%matplotlib inline
%config InlineBackend.figure_format = 'retina'

from sklearn.cluster import KMeans
from sklearn.metrics import silhouette_samples, silhouette_score

import matplotlib.pyplot as plt
import matplotlib.cm as cm
import numpy as np

import seaborn as sns
iris = sns.load_dataset("iris")
iris_x = iris.loc[:, ["petal_length", "petal_width"] ]

range_n_clusters = [2, 3, 4, 5, 6]

for n_clusters in range_n_clusters:
    fig, (ax1, ax2) = plt.subplots(1, 2)
    fig.set_size_inches(12, 6)

#     ax1.set_xlim([-0.1, 1])
#     ax1.set_ylim([0, len(iris_x) + (n_clusters + 1) * 10])

    # 클러스터의 수만큼 KMeans 모형을 만들고 클러스터 레이블을 예측함
    clusterer = KMeans(n_clusters=n_clusters, random_state=10)
    cluster_labels = clusterer.fit_predict(iris_x)

    # 모든 샘플에 대한 실루엣 스코어 평균값을 계산함
    silhouette_avg = silhouette_score(iris_x, cluster_labels)
    print("For n_clusters =", n_clusters,
          "The average silhouette_score is :", silhouette_avg)

    # 각 셈플에 대해서 실루엣 스코어를 계산함
    sample_silhouette_values = silhouette_samples(iris_x, cluster_labels)
    
    y_lower = 10
    for i in range(n_clusters):
        ith_cluster_silhouette_values = sample_silhouette_values[cluster_labels == i]
        ith_cluster_silhouette_values.sort()

        size_cluster_i = ith_cluster_silhouette_values.shape[0]
        y_upper = y_lower + size_cluster_i

        color = cm.nipy_spectral(float(i) / n_clusters)
        ax1.fill_betweenx(np.arange(y_lower, y_upper),
                          0, ith_cluster_silhouette_values,
                          facecolor=color, edgecolor=color, alpha=0.7)

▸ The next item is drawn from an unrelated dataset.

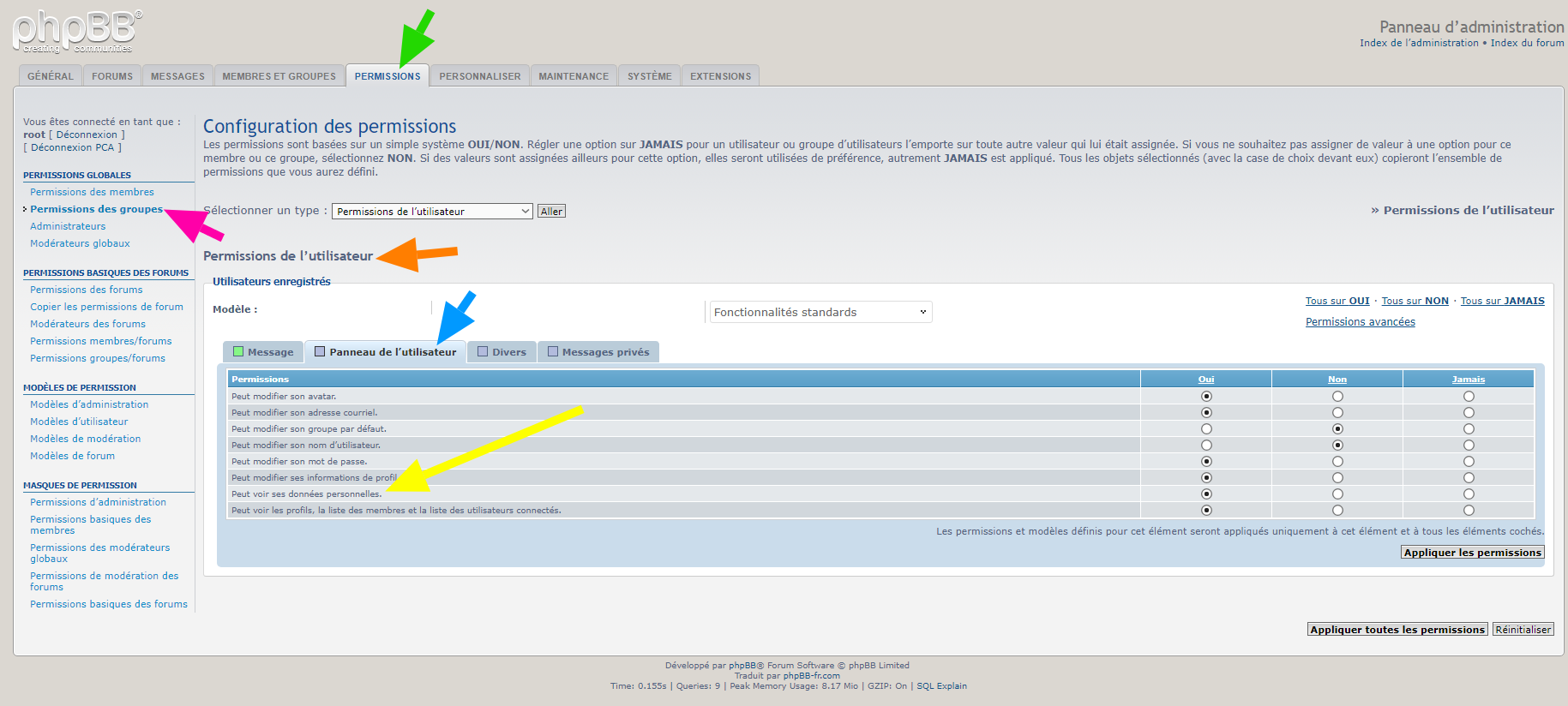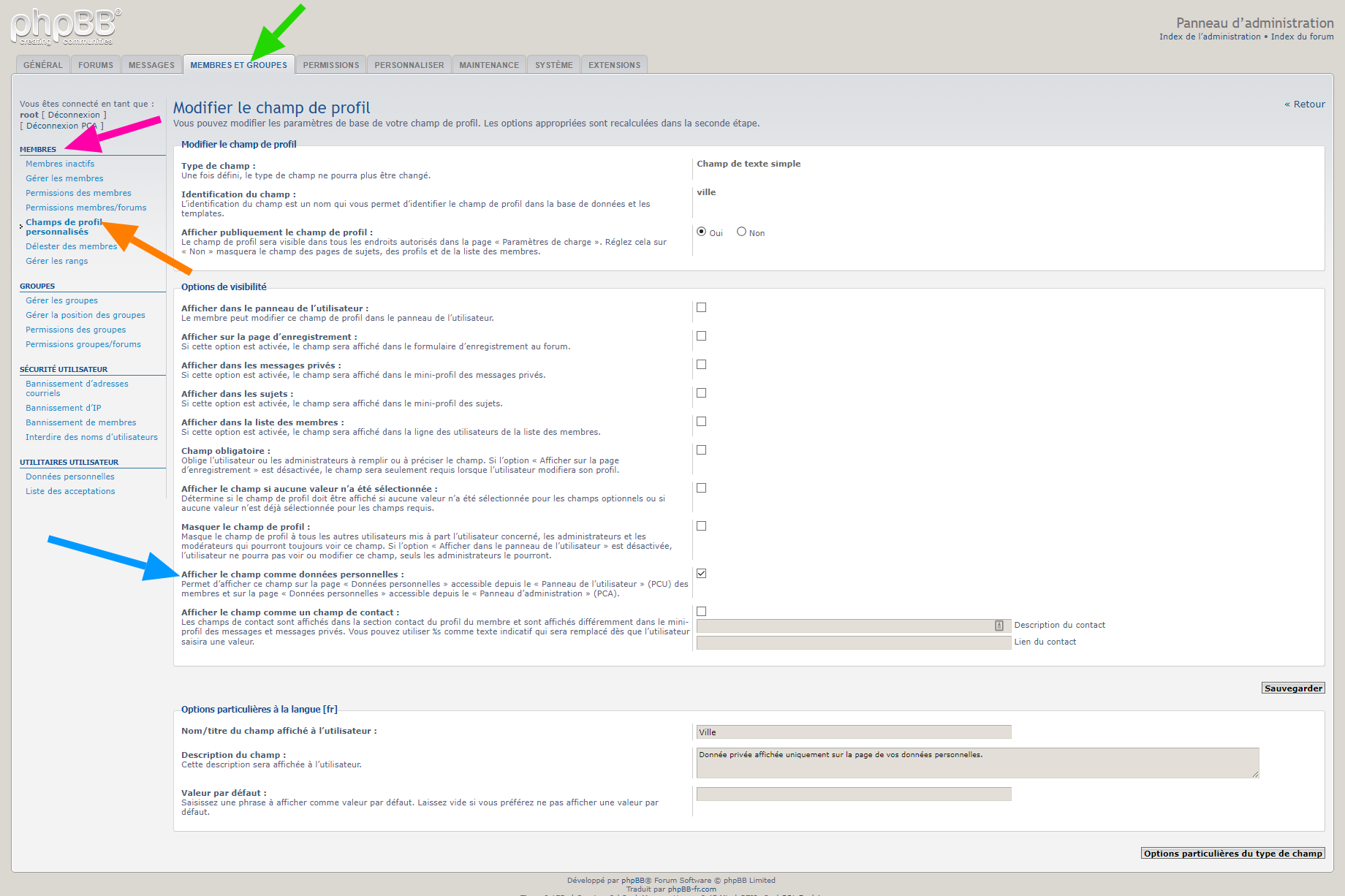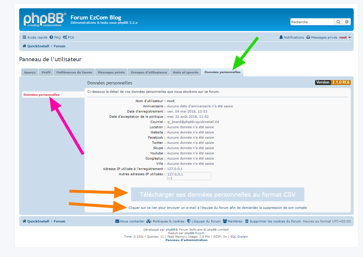 • afficher un lien de type « mailto », pour contacter l’équipe du forum, sur la page « Données personnelles » accessible depuis le « Panneau de l’utilisateur »,

        # Label the silhouette plots with their cluster numbers at the middle
        ax1.text(-0.05, y_lower + 0.5 * size_cluster_i, str(i))

        # Compute the new y_lower for next plot
        y_lower = y_upper + 10  # 10 for the 0 samples

    ax1.set_title("The silhouette plot for the various clusters.")
    ax1.set_xlabel("The silhouette coefficient values")
    ax1.set_ylabel("Cluster label")

    # The vertical line for average silhouette score of all the values
    ax1.axvline(x=silhouette_avg, color="red", linestyle="--")

    ax1.set_yticks([])  # Clear the yaxis labels / ticks
    ax1.set_xticks([-0.1, 0, 0.2, 0.4, 0.6, 0.8, 1])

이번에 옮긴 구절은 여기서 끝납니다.